-------- Dataset excerpt
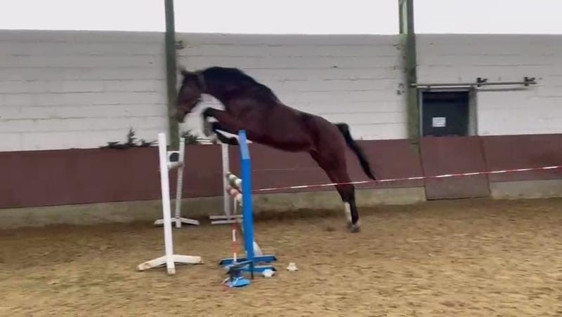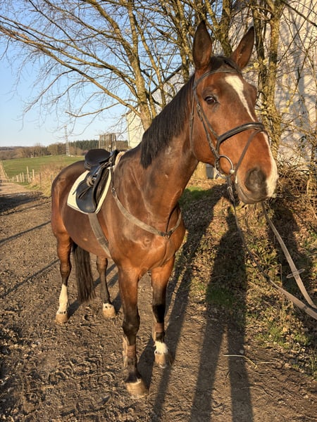 Wenn der Name Programm ist: „Buddy“ sucht ein 5*-Zuhause! Dieser 9-jährige Oldenburger Wallach (v. Niagara d’Elle x Carambole) ist ein echter Kumpel-Typ, der für jeden Spaß zu haben ist. Aufgrund der Selbstständigkeit und dem daraus resultierenden Zeitmangel des Besitzers (ehemaliger Bereiter) sucht dieser charmante Riese nun einen neuen Wirkungskreis. Sport & Gelände: Turnierfertig auf L-Niveau vorgestellt und platziert. Zu Hause zeigt er sich beim Springen souverän auf M-Niveau mit viel Vermögen und Übersicht. Absolut geländesicher (alleine und in der Gruppe). Trotz seiner stattlichen Größe von ca. 1,80 m ist er sehr wendig und leicht-rittig, bietet einem die Anlehnung an und trägt sich selbst. Sporen und Gerte sind nicht von Nöten, da er nicht triebig sondern gehfreudig ist. Charakter & Haltung: Buddy ist ein unkomplizierter Partner. Er ist schmiede- und verladefromm und kennt sowohl Herdenhaltung als auch Einzelweide. Er hat einen tollen Zug zum Sprung, bleibt dabei aber immer regulierbar und wird nicht „heiß“. Wichtiger Hinweis: Er zeigt im Schritt einen Hahnentritt, wenn er zB gerade aus der Box kommt. In den anderen Gangarten ist dies nicht wahrnehmbar, seine Leistungsfähigkeit und Lebensfreude werden nicht beeinträchtigt. 3-jährig wurde ein TÜV gemacht, die Unterlagen sind vorhanden. Wir suchen für ihn eine feste Bezugsperson, die seine Qualität zu schätzen weiß. Eckdaten: *2016 / Oldenburger Stockmaß um 1,80 m Keine Händleranfragen! Videos können nach Erstkontakt auf Anfrage geschickt werden.
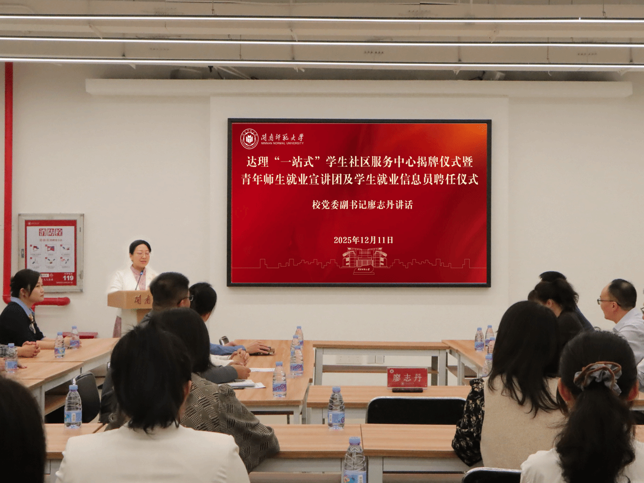 廖志丹在仪式上致辞。她指出,“一站式”学生社区综合管理模式建设是一项系统工程,既是高校育人模式改革迭代的“小切口”,也是新时代、新学情、新场景下“立德树人工程”的大课题。她要求有关部门要结合新时代学校“温暖集体”建设,将“一站式”学生社区建设成为爱心工程、民心工程。要精心布局,通过各部门协同联动、共同布局,从顶层设计出发,让社区建设体现更多“温暖”元素;要抓好开局,把优势充分集合、把资源迅速集中,让学生获得更多的便捷体验,构建独具闽南师大特色的育人文化符号与生态。要重点破局,聚焦学生高频需求和痛点问题,集成学业咨询、事务办理、心理辅导、就业指导等关键服务,使其真正发挥出“塑形”“绘境”“育心”等应有效能。
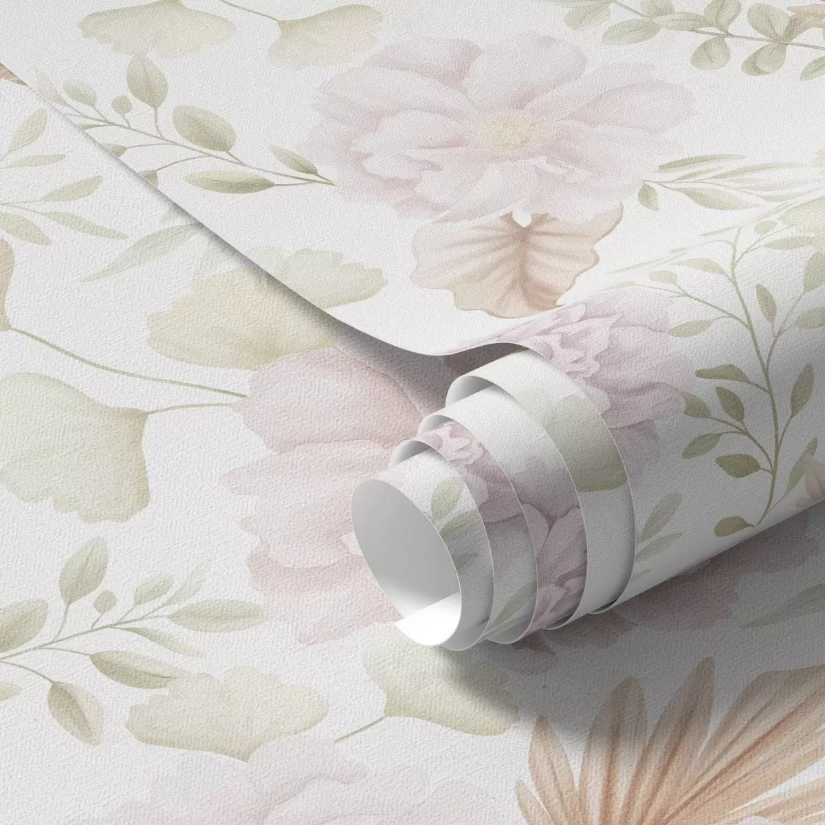 Tapeta Jemné pastelové pivonky a lístie na bielom pozadí Nr. a00669
----------------
About this exercise:
Copy each line of the material above exactly, but not the images.

Response below:
 Wenn der Name Programm ist: „Buddy“ sucht ein 5*-Zuhause! Dieser 9-jährige Oldenburger Wallach (v. Niagara d’Elle x Carambole) ist ein echter Kumpel-Typ, der für jeden Spaß zu haben ist. Aufgrund der Selbstständigkeit und dem daraus resultierenden Zeitmangel des Besitzers (ehemaliger Bereiter) sucht dieser charmante Riese nun einen neuen Wirkungskreis. Sport & Gelände: Turnierfertig auf L-Niveau vorgestellt und platziert. Zu Hause zeigt er sich beim Springen souverän auf M-Niveau mit viel Vermögen und Übersicht. Absolut geländesicher (alleine und in der Gruppe). Trotz seiner stattlichen Größe von ca. 1,80 m ist er sehr wendig und leicht-rittig, bietet einem die Anlehnung an und trägt sich selbst. Sporen und Gerte sind nicht von Nöten, da er nicht triebig sondern gehfreudig ist. Charakter & Haltung: Buddy ist ein unkomplizierter Partner. Er ist schmiede- und verladefromm und kennt sowohl Herdenhaltung als auch Einzelweide. Er hat einen tollen Zug zum Sprung, bleibt dabei aber immer regulierbar und wird nicht „heiß“. Wichtiger Hinweis: Er zeigt im Schritt einen Hahnentritt, wenn er zB gerade aus der Box kommt. In den anderen Gangarten ist dies nicht wahrnehmbar, seine Leistungsfähigkeit und Lebensfreude werden nicht beeinträchtigt. 3-jährig wurde ein TÜV gemacht, die Unterlagen sind vorhanden. Wir suchen für ihn eine feste Bezugsperson, die seine Qualität zu schätzen weiß. Eckdaten: *2016 / Oldenburger Stockmaß um 1,80 m Keine Händleranfragen! Videos können nach Erstkontakt auf Anfrage geschickt werden.
 廖志丹在仪式上致辞。她指出,“一站式”学生社区综合管理模式建设是一项系统工程,既是高校育人模式改革迭代的“小切口”,也是新时代、新学情、新场景下“立德树人工程”的大课题。她要求有关部门要结合新时代学校“温暖集体”建设,将“一站式”学生社区建设成为爱心工程、民心工程。要精心布局,通过各部门协同联动、共同布局,从顶层设计出发,让社区建设体现更多“温暖”元素;要抓好开局,把优势充分集合、把资源迅速集中,让学生获得更多的便捷体验,构建独具闽南师大特色的育人文化符号与生态。要重点破局,聚焦学生高频需求和痛点问题,集成学业咨询、事务办理、心理辅导、就业指导等关键服务,使其真正发挥出“塑形”“绘境”“育心”等应有效能。
 Tapeta Jemné pastelové pivonky a lístie na bielom pozadí Nr. a00669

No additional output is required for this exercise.